Cmon, your saying cars now are less safe than cars 20 years ago? What we have on the road is a prepondernse of oversized vehicles. 10% of the people who drive these giant SUVs and PU trucks need something so big. I don't know why it has to be a rapid charge for 90% of the vehicles. Cars sit idle in parking lots during the day and in garages at night. When the grid is taxed at the lowest output. Power is going to cost more. If you don't want people to use something you make it more expensive to waste. Your looking at todays technology to solve a problem 15-25 years down the road. No one is building new fossil fuel plants now, with the exception of small natural gas plants. It is going to be a gradual shift over the next 25 years. I won't be alive to benefit from it but my kids and grandkids certainly will. And again, personal solar panels will make more than enough energy to power the car during the 8 hours you are at work.
Batteries won't hack it and the other solutions for mass storage require major construction.
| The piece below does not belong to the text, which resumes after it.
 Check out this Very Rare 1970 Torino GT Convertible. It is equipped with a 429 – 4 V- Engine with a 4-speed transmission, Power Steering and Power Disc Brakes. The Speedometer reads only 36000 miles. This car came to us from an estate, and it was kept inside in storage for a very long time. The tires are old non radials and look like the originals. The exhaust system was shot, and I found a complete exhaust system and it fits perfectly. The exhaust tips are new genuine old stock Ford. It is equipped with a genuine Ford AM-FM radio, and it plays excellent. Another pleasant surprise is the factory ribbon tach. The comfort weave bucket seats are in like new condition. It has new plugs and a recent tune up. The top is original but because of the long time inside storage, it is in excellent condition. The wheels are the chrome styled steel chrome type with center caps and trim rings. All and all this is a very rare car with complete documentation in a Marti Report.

Range and the ability to rapidly "refuel" is another major problem with electric vehicles.
No I'm saying cars compared today, the lighter with less structural steel the less safe. I sell to both the steel and auto industry, mainly stamping, and they are bringing lots of newer higher strength steels which are allowing some weight reductions which add to fuel economy. There is also the kinetic aspect of if a 2000lb car crashes into a 4000lb car which one do you want to be in? You say just add more safety features to the 2000 well that adds weight. These are consumer concerns which the manufactures purely from a marketing stand point address so they can sell more cars and do so meeting the demands of the consumer. Government bureaucrats picking numbers out of the air and saying YEA that sounds good isn't the path I want to go down. You make a lot of assumptions, as in I shut down my house when I got to work and the sun always shines during day, I won't go back over them. You guys still miss the point that wind and solar require some other source that can completely back them up and supply the grid, that otherwise will be sitting there idle not producing a product, not earning any money to pay for themselves. We are no where near the types of storage it would require to be able to run the entire country on wind and solar, not even half the country, not even a tenth of the country. When we are, when there is remarkable breakthrough discovery.............. Go with proven nuclear and we don't need to waste money on mass storage schemes.
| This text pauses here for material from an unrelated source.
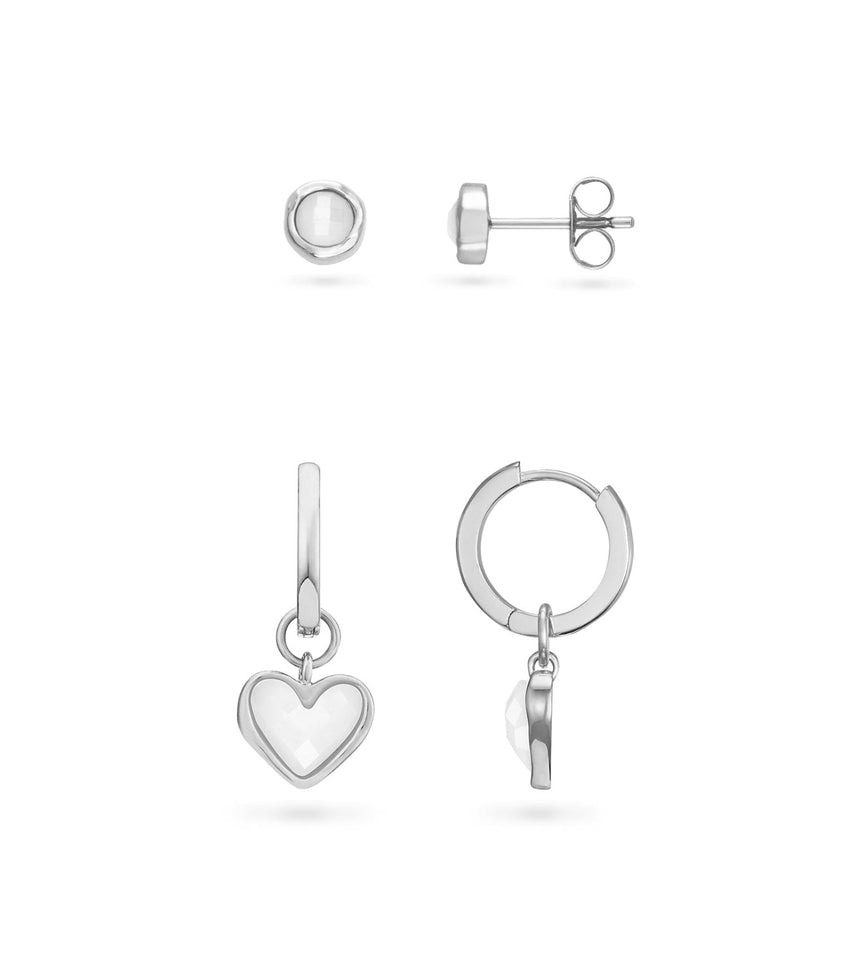Help others discover White Quartz Heart & Stud Earrings Set (Silver)

You are missing something. We are not saying replace it all with wind and solar. As a matter of fact we are trying to agree with you that a gas fired plant that is not selling it's energy is losing money. I showed you the curve that shows what is happening now.
I don't have a clue what those curves are supposed to prove. The problem won't so much be diurnal. It will be day to day or even week to week. You put big high pressure area over the US and it cam camp out there weeks at a time. The wind over much of the US under that situation will not provide enough wind power.
It will just come from some magical place where investors build HUGE power generation using fossil or nuclear and then have those plants sit there idle just waiting for some solar/wind massive project goes dead because of no wind or sun. There seems to be a lack of understanding that you can't have the back up power sitting idle while they can use the sun and wind and then just kick on when they need. It loses money doing that.
The charge power comes from unconverted power plants during the time when they don't sell all their electricity. As more stand alone solar is installed more and more of this cheap energy is available. Why do you think power companies are crying about buying solar? It might become a problem when more than 50% of the power on the grid comes from wind and solar, but until then it's a money maker for the new power companies.
Elon Musk proved you wrong about batteries and the range issue is already being resolved. The fast charging is being addressed too so it looks like you are wrong on all counts.
So, a battery powered car cannot be refueled in three minutes, like a gasoline powered car? Is that what you're saying?
That is what we are saying but people will adapt The vast majority of electric cars will be city transport
So your DAILY COMMUTE is a round trip of 500 miles? The average round trip commute is 32 miles. Everyone with an EV leaves home with a FULL TANK every day. Too bad you have to stop for gas so often.
Actually, I'm not trying to say anything, but I will. 95% of trips are less than 40 miles. You can charge to 80% in about 30 minutes. You can travel coast to coast using Tesla chargers. Their app will schedule your trip. I don't know about you, but I mostly take trips with my wife. So we stop about every 2 hours anyway.
Thank you for confirming that an electric car cannot be fully refueled in three minutes like a gasoline car.
Excited? Not really. Thank you for confirming that an electric car cannot be fully refueled in three minutes like a gasoline car.
Because they are cheaper to operate, cleaner for the environment, quieter inside and out, lower maintenance, allow car pool access better parking at work and in the long term cheaper. I'm sure I missed some.